Well that at least made a difference.
Unfortunately not the difference i needed.

After disabling apinger the line crashed after 1-2 min at 100mbit DL.
I tried enabling it again, but now i only get 2 pings through after a reboot before it chrashes again.

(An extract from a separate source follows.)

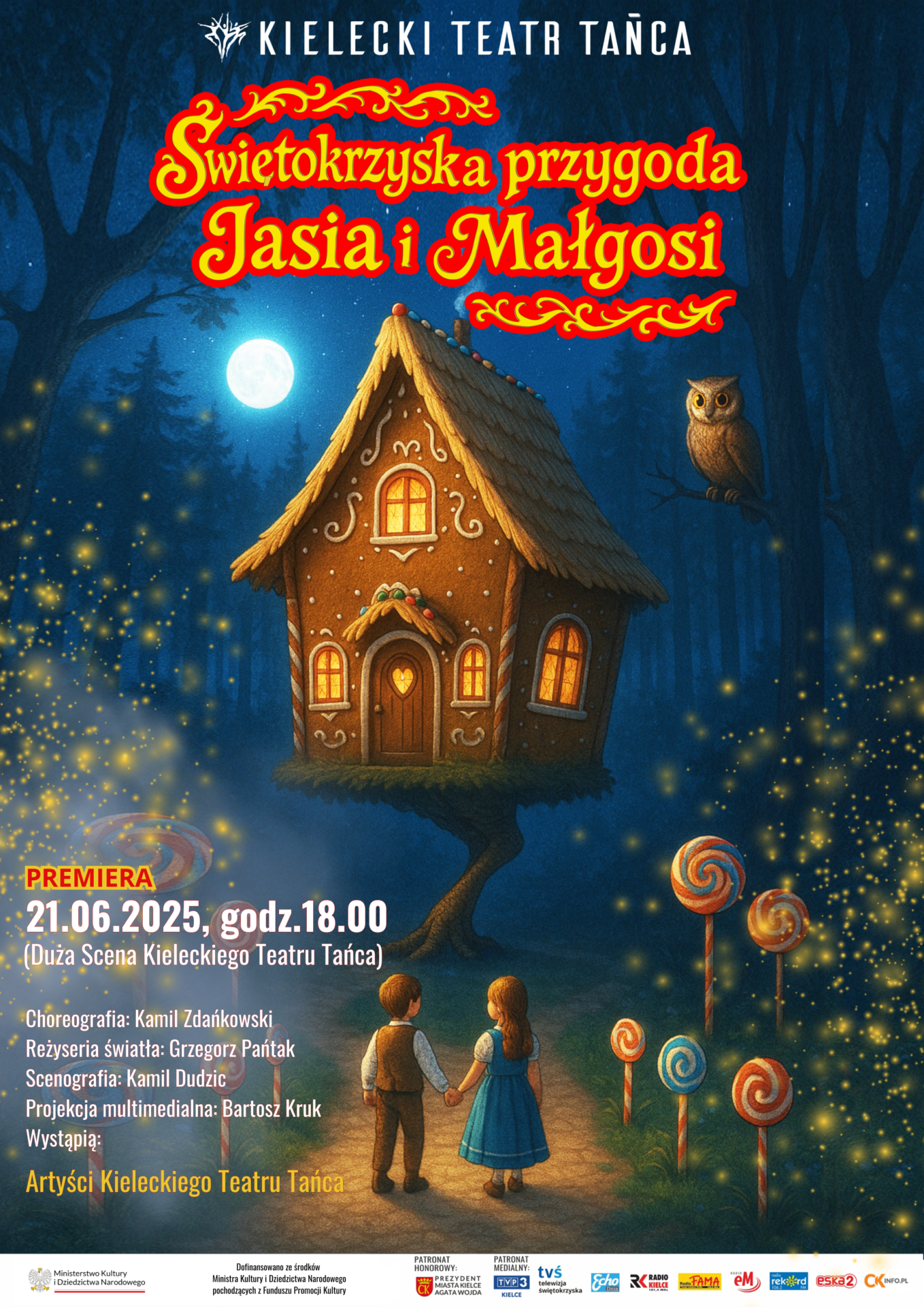 Spektakl w choreografii Kamila Zdańkowskiego to historia nawiązująca do tradycyjnych baśni europejskich, mająca skłonić widza do sięgnięcia do kanonu tradycyjnych opowieści. Jako spektakl familijny opowiadają o podróży Jasia i Małgosi, którzy po opuszczeniu ich wesołej wioski, napotykają na swojej drodze postaci znane z innych bajek: Czerwonego Kapturka, Kota w Butach, Pinokia czy Trzy Świnki, które zmagają się z natrętnym Wilkiem. Ich wędrówka doprowadza do spotkania z Babą Jagą, która kolorowymi łakociami i wypiekami próbuje zwieść głównych bohaterów, aby ich zjeść. Dzięki sprytowi i odwadze udaje im się przechytrzyć złą czarownicę i szczęśliwie wrócić do domu. Spektakl w swojej formie nawiązuje do folkloru słowiańskiego: przede wszystkim świętokrzyskiego symbolu czarownicy, a w warstwie muzycznej, także do kultury czeskiej, na co pozwoli wykorzystanie muzyki Antonín Dvořáka (Rapsodie Słowiańskie, Tańce Słowiańskie). Głównym celem powstania spektaklu jest uzupełnienie luki w ofercie kulturalnej dla młodego odbiorcy, a tematyka spektaklu dodatkowo ma za zadanie skłonić widza do zainteresowania i sięgnięcia do kanonu baśni, które są równie piękne, co współczesne.

Gateway log is now showing:
Mar 4 01:17:40 apinger: Exiting on signal 15.
Mar 4 01:17:21 apinger: ALARM: WAN_DHCP(95.109.99.1) *** down ***
Mar 4 01:17:11 apinger: Starting Alarm Pinger, apinger(24614)
Mar 4 01:17:10 apinger: Exiting on signal 15.
Mar 4 01:15:41 apinger: ALARM: WAN_DHCP(95.109.99.1) *** down ***
Mar 4 01:15:18 apinger: Starting Alarm Pinger, apinger(33575)
Mar 4 01:11:43 apinger: SIGHUP received, reloading configuration.
Mar 4 01:11:40 apinger: SIGHUP received, reloading configuration.
Mar 4 01:11:39 apinger: Starting Alarm Pinger, apinger(24298)
Mar 4 01:11:05 apinger: No usable targets found, exiting
Mar 4 01:11:05 apinger: Starting Alarm Pinger, apinger(38845)
Mar 4 01:10:28 apinger: Exiting on signal 15.
Mar 4 01:10:23 apinger: ALARM: WAN_DHCP(95.109.99.1) *** down ***
Mar 4 01:10:13 apinger: Starting Alarm Pinger, apinger(6083)

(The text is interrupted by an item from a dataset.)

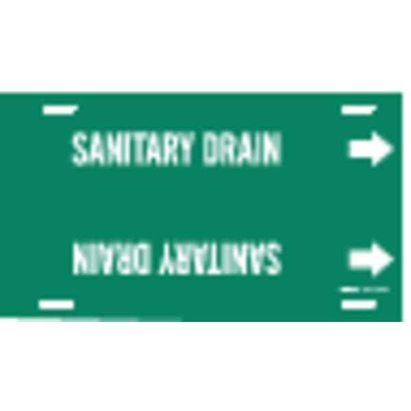 Pipe Marker, Pipe Marker Mounting Style Strap-On Pipe Marker, Pipe Marker Legend Sanitary Drain, Legend Text Color White, Character Height 2 1/2 in, Background Color Green, With or Without Arrows With

Had to bypass the FW now to go online.

stephenw10

Hmm. You could try setting an alternative monitor IP, something publically available like 8.8.8.8.

Steve

nico_idskov

Will try that tonight.
Also prepped a LiveCD on USB to test with.

nico_idskov

Running a fresh install with 2.1.1 embedded.
This seems to have fixed the issue.

Unfortunately i cannot provide much information on what the actual problem was, so for anyone else experiencing this i can only recommend that you try a fresh install of 2.1.1

Appreciate the help Steve!

bryan.paradis

I did read somewhere that this was to do with Multi-WAN stuff happening even on single WAN setups. Maybe that was corrected. Would that make sense?